***** Entries shown

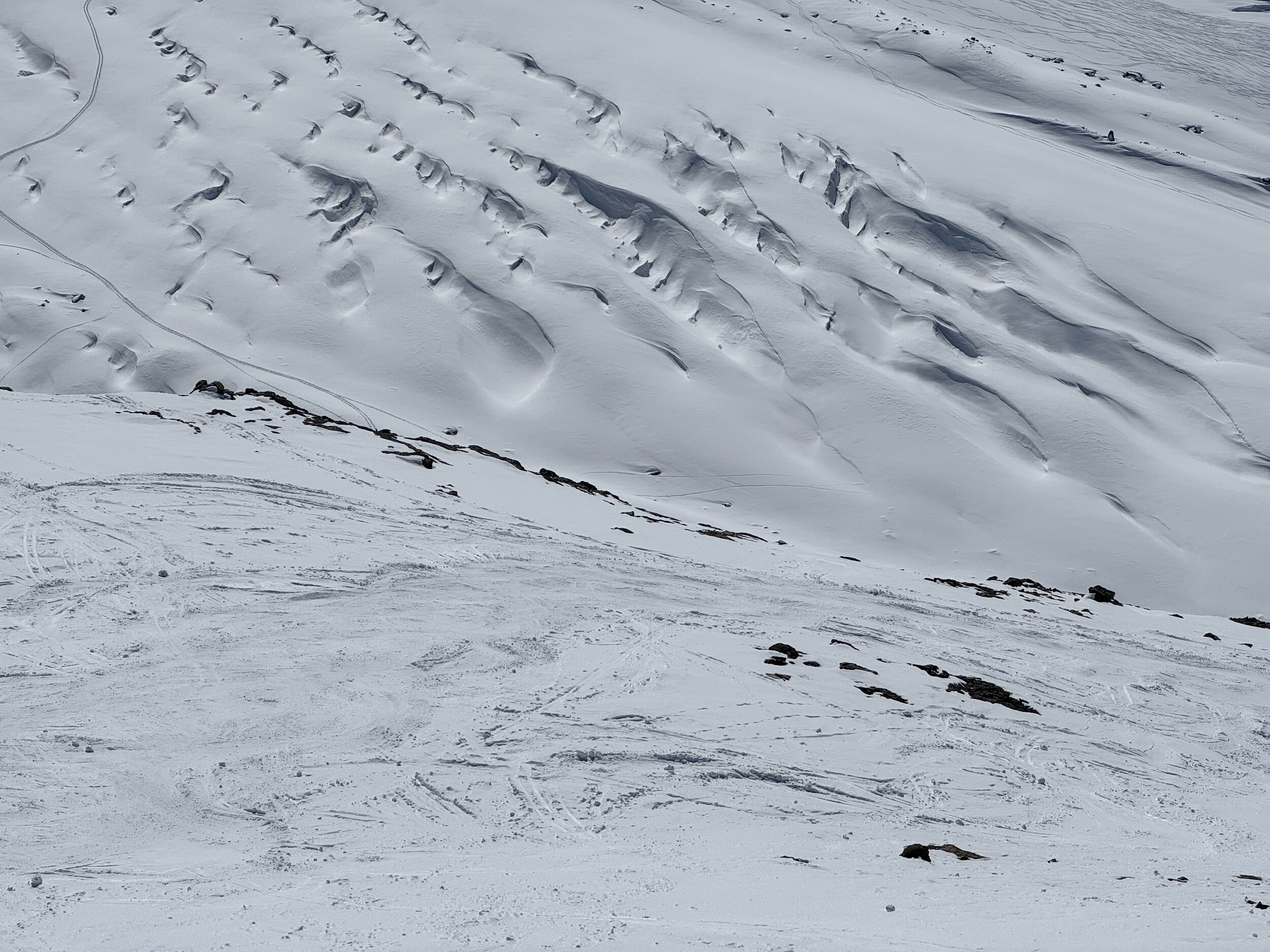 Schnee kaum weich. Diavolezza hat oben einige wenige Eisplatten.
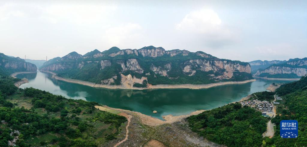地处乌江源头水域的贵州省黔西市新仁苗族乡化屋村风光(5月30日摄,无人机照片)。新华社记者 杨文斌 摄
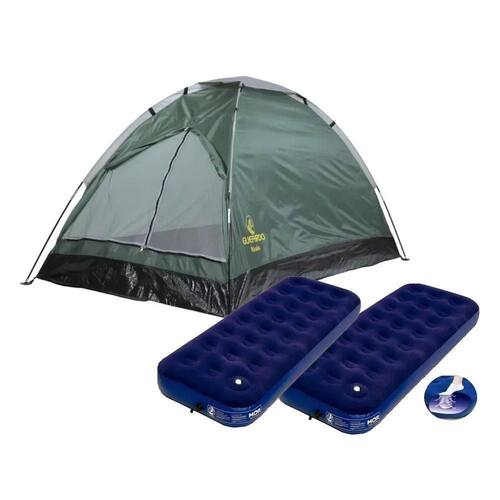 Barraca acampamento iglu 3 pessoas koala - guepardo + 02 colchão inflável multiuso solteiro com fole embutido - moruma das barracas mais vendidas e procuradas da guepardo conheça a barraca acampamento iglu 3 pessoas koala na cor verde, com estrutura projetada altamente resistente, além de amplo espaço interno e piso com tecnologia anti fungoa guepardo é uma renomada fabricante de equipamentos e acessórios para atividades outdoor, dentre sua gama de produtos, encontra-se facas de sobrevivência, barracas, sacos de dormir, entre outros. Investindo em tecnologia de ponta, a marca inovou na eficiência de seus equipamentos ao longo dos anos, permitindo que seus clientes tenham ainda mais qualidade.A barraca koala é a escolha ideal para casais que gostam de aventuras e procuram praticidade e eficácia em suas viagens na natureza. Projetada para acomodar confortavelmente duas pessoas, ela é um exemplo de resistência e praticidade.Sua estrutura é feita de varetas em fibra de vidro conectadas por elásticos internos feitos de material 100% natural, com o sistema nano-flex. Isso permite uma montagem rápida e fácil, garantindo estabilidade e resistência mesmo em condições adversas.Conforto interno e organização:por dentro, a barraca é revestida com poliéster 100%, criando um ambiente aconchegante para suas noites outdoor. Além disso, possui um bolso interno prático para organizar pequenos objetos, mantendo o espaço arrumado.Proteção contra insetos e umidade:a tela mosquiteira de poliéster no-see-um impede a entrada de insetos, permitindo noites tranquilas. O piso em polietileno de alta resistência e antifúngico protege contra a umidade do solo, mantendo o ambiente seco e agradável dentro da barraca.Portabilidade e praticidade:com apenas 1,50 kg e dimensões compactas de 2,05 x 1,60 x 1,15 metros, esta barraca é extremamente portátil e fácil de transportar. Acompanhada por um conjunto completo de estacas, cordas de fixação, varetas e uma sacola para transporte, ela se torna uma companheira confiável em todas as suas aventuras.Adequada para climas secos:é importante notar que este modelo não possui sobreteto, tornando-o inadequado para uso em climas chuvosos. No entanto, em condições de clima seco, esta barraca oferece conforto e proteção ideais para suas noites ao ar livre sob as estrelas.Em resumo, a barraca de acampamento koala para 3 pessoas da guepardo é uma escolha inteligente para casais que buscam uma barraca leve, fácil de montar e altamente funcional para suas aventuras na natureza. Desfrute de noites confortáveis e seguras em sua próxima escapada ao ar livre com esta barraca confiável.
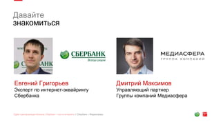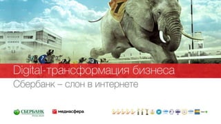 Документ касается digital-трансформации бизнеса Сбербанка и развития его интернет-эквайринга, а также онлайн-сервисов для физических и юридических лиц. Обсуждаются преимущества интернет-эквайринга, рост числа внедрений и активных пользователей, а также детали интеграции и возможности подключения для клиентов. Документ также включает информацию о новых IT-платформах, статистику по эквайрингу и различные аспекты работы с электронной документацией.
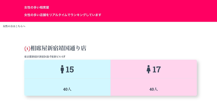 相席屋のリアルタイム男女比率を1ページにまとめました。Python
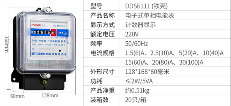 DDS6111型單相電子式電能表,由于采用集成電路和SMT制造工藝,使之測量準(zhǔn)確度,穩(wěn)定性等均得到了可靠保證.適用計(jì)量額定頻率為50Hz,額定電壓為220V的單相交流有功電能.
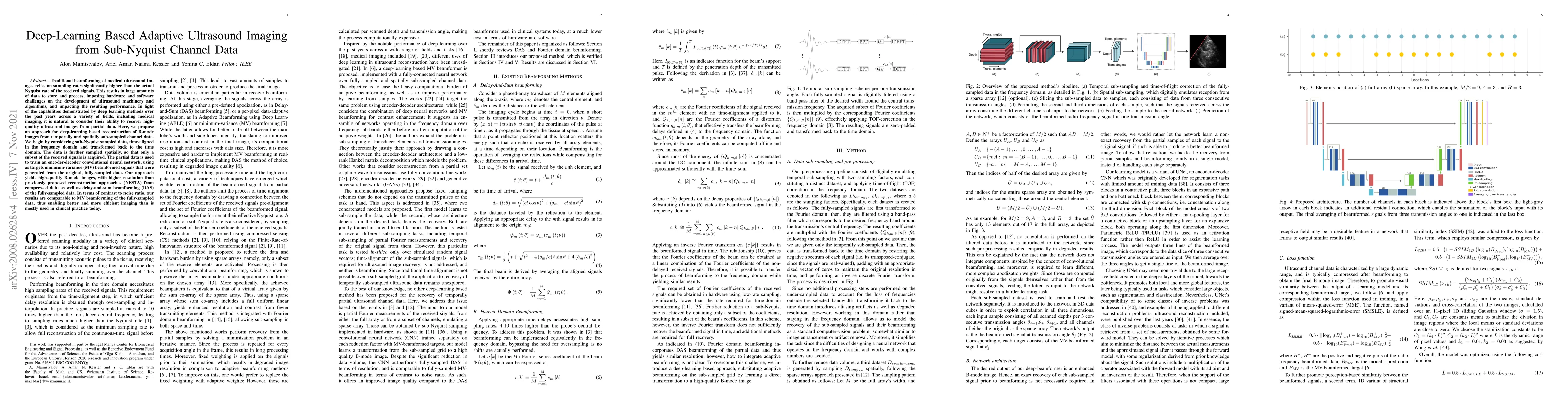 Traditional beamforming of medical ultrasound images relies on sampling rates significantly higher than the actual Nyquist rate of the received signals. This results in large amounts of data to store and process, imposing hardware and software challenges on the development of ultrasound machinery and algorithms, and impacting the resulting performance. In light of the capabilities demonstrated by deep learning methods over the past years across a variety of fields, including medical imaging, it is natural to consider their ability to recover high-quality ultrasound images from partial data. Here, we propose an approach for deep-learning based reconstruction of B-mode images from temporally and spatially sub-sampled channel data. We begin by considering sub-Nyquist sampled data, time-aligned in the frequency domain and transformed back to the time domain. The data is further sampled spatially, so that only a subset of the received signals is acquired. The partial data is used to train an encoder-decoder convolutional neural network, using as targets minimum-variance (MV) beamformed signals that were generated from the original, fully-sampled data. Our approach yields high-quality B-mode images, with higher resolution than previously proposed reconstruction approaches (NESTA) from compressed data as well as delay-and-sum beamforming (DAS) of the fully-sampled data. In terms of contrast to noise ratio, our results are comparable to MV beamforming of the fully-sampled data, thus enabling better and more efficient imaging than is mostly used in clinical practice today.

**********
***** Entries shown

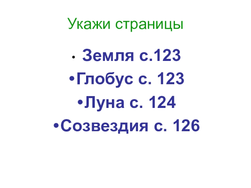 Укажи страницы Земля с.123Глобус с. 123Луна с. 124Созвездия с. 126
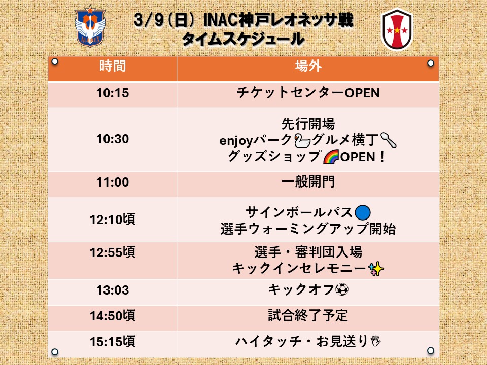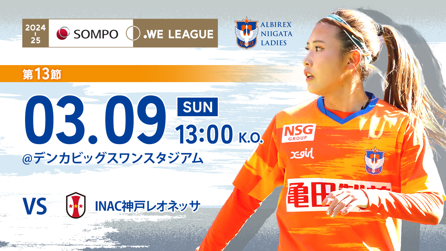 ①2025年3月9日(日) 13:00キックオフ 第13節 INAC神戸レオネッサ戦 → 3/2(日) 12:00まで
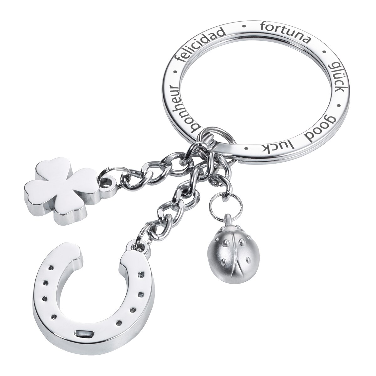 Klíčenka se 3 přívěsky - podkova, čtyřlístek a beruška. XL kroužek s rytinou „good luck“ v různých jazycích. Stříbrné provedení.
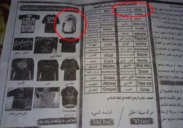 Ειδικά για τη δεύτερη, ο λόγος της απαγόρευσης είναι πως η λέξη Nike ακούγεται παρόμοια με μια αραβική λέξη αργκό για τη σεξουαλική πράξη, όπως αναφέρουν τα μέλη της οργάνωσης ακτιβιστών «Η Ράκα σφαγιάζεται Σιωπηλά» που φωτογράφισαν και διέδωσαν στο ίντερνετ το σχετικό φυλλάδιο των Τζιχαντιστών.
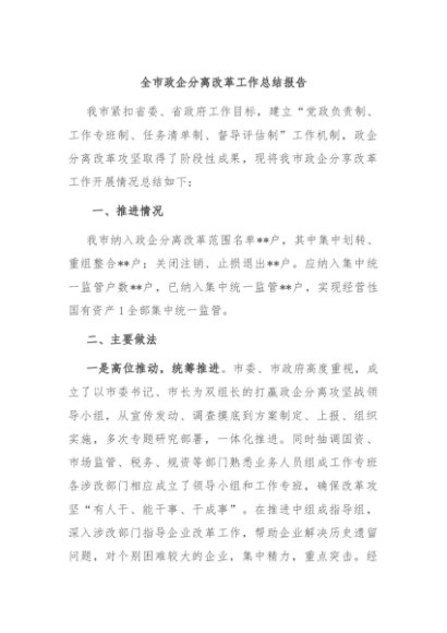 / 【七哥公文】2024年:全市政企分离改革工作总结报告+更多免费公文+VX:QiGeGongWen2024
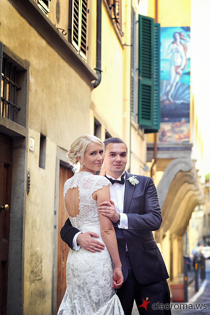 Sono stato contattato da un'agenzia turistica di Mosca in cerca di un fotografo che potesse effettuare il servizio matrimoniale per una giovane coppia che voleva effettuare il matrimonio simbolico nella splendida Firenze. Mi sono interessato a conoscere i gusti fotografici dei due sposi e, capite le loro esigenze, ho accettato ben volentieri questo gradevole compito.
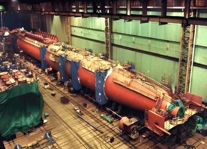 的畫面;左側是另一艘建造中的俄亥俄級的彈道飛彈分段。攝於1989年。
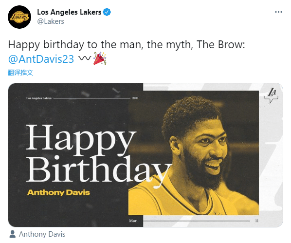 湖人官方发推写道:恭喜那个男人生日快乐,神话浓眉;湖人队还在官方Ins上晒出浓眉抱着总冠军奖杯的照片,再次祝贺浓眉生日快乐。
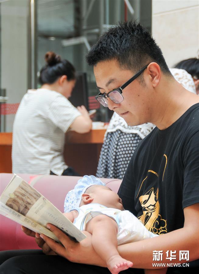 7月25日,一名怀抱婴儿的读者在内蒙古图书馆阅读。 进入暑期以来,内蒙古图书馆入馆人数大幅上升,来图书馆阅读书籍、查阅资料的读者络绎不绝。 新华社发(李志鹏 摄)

**********

_What you are asked to do_:
Both boundary lines included, write out word for word only the lines above from the one containing "湖人官方发推写道:恭喜那个男" to the one containing "进入暑期以来,内蒙古图书馆入馆人数大幅上升,来图书馆阅读书籍、查阅资料的读者络绎不绝。 新华社发(李志鹏 摄)", leaving out any pictures.

_Written reply_:
 湖人官方发推写道:恭喜那个男人生日快乐,神话浓眉;湖人队还在官方Ins上晒出浓眉抱着总冠军奖杯的照片,再次祝贺浓眉生日快乐。
 7月25日,一名怀抱婴儿的读者在内蒙古图书馆阅读。 进入暑期以来,内蒙古图书馆入馆人数大幅上升,来图书馆阅读书籍、查阅资料的读者络绎不绝。 新华社发(李志鹏 摄)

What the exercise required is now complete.